I wanted to raise a concern regarding Prior.csv to see if I am misinterpreting the data structure, or if there might be an issue with target leakage still.
We know we have an overlap between Test and Prior: 3,526 out of 5,621 test farmers also appear in the prior data.
While the records in Prior.csv are earlier in time for these overlapping farmers (meaning this isn't strictly future leakage), Prior.csv includes all three target variables fully populated. My main concern is that a non-trivial number of Test.csv rows map back to farmers who already have a positive adoption recorded in Prior.csv.
Here is the breakdown of overlapping test rows that already show prior positive adoption:
If a farmer has already adopted the practice in the prior data, wouldn't predicting their adoption again in the test set be considered target leakage (assuming adoption is a one-time event)?
let me answer according to my understanding
"All these features are historical and do not use any future information, so there is no leakage. Go ahead and add this code to your notebook, then run it to see if it improves your score. Good luck!"

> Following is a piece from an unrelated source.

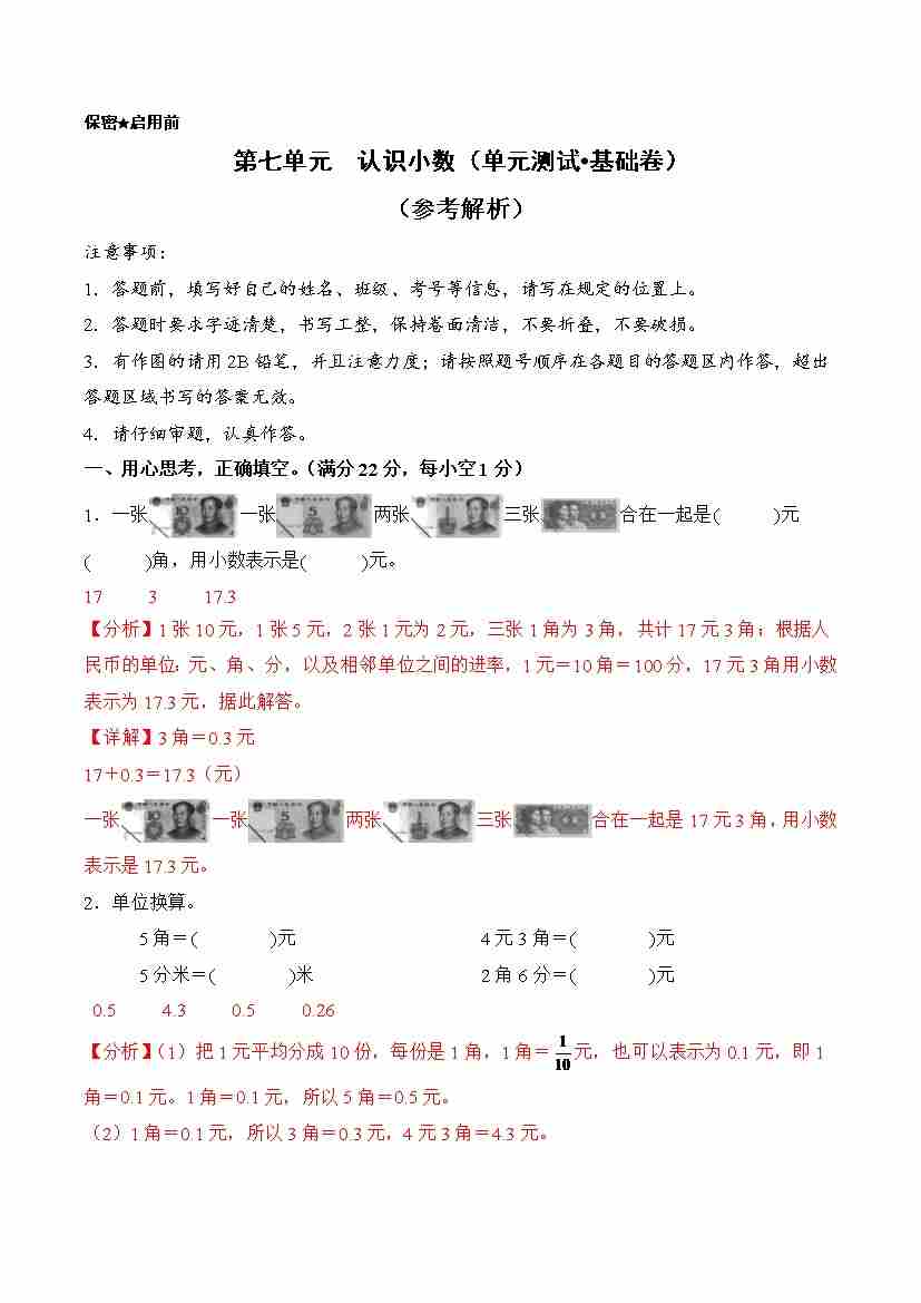 第七单元 认识小数(单元测试 基础卷) (参考解析)
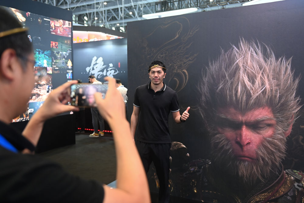 2024年9月25日,觀眾在第三屆全球數字貿易博覽會的游戲科學展區打卡。新華社記者 黃宗治 攝

Your response is a bit confusing!
As I already mentioned, I know the data in Prior is historical. My point is about target contamination. If a farmer already adopted the practice in the past, and adoption is a one-time event, then we already know their exact label for the test set.
If I am missing something, please point me to where this logic breaks down.
The competition defines adoption as per training, not a permanent state. If a farmer adopted in the past, it doesn’t guarantee they will adopt again after a new training.
Proof: In the train data, you have farmers with prior history but adopted = 0 for some trainings. So adoption is not permanent, and using Prior data for features is safe and not leakage.
In Prior.csv, many farmers have trainings 0–2 days apart. That means at the time of a new training, you would not yet know whether the previous training was “adopted_within_90/120 days” (and often not even 7 days).
But your features (e.g., prior_*_sum, ward/topic/trainer temporal rates) use all prior outcomes immediately, regardless of whether the outcome window has elapsed.
So I was thinking we make outcomes “available” only after the horizon passes:
So you merge stats using known_day (not training_day).
Nice explanations, thank you @ML_Wizzard
I see. Thanks for the explanation @ML_Wizzard